Governments around the world have restrictions on transparency which are maintained by imposing acts to conceal state secrets. This practice is mostly put in place, since at times, transparency might reveal undesirable secrets which might raise questions.

Source: Wikipedia

The US state department released 7,121 e-mails from former secretary of state, Hillary Clinton’s private server, which mostly included messages regarding daily matters at her work place. But one message among 125 censored mails, claimed that Pakistan’s ISI was sheltering Taliban leader Mullah Omar.

The mail, which shows facts in a ‘well informed piece’ on how Mullah omar was saved, comes as a revelation as ISI has denied this time and again, and the US too claims to have no such evidence.

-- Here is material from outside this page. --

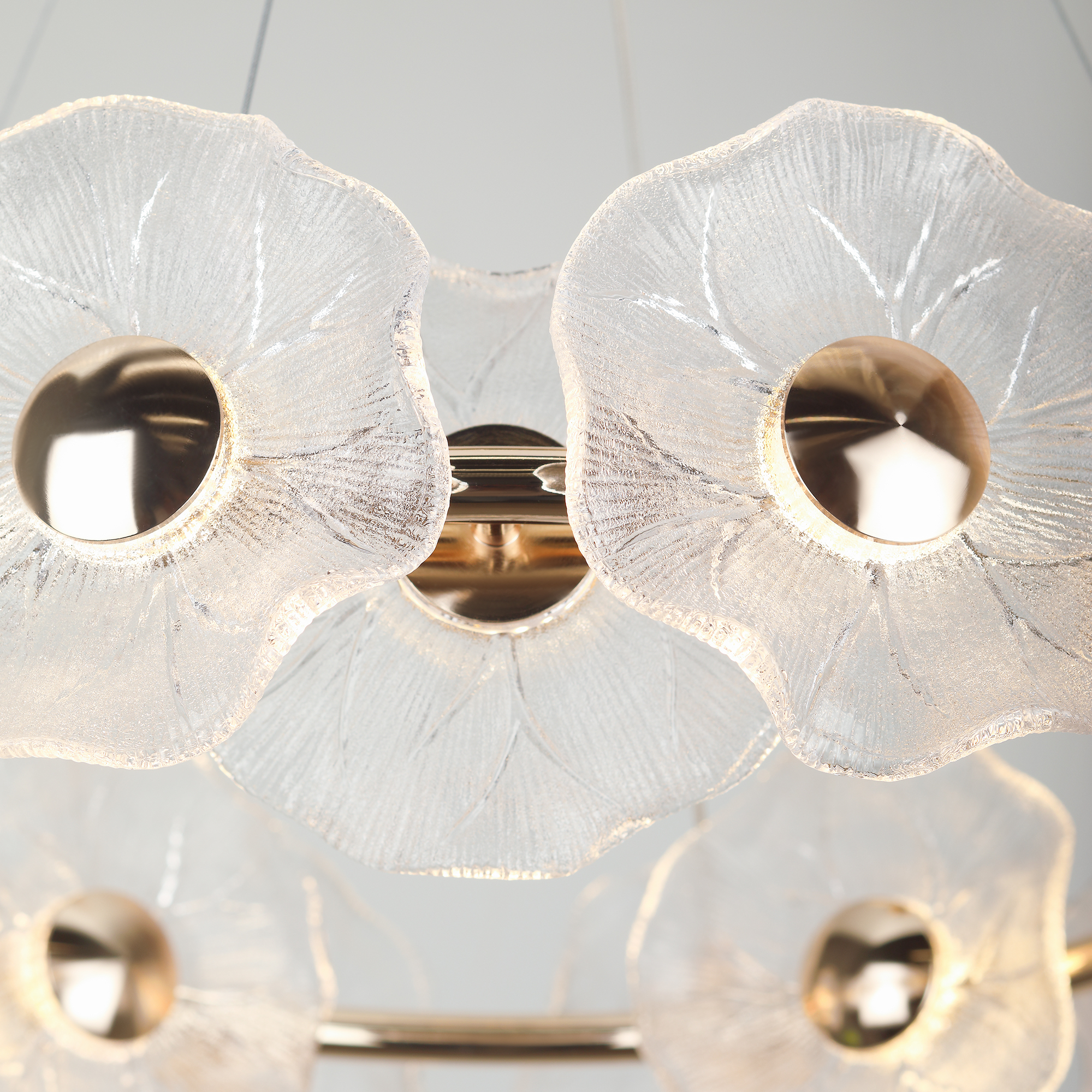 Отличительной особенностью этой нежной элегантной коллекции от европейских дизайнеров стали прозрачные стеклянные плафоны в виде распустившихся цветков. Цветы из высококачественного стекла выполнены филигранно и реалистично, повторяя форму, изгибы и узоры живых соцветий.

The author of the mail, one Sid whose full name has been redacted, also talks of the idea of Afghanistan as an aspect in Indo-Pak conflict.

Source: Reuters

The piece mentioned is one by William Dalrymple titled ‘the military and the mullahs’ , written for New Statesman, where he said the Pakistani establishment has had a history of nurturing extremists to dominate Afghanistan and undermine India. He also calls this a fatal alliance for Pakistan itself.

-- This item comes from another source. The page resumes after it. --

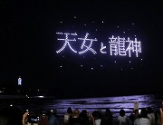 ドローンによる「天女と龍神」の描写。江の島伝説ショ―の開始 |

The mail sent in 2010, claims that Mullah Omar was kept in a safe house in Quetta since 2001, and his militia set up camp in the suburb of Pashtunabad. It also said that Taliban leaders like Gulbuddin Hekmatyar and Jalaluddin Haqqani were given space to operate from Peshawar and Waziristan respectively.

Trucks full of Taliban

The article gave information about US filming Pakistani army trucks delivering Taliban fighters at the Afghan borders by 2004. It also mentions an instance when wireless monitoring at a US base in Bargam intercepted communication between Taliban commanders and Pakistani officers at the borders.

Source: Reuters

The claims made are explosive, since the presence of Osama in Pakistan had already opened a can of worms regarding Pakistan’s role as it was US’s ally in the war. This report can trigger another debate, which also concerns Indian interests in the region.

Ever since the emergence of Taliban and the Afghan war of 9/11, Afghanistan has become a strategic playground, for regional as well as global powers.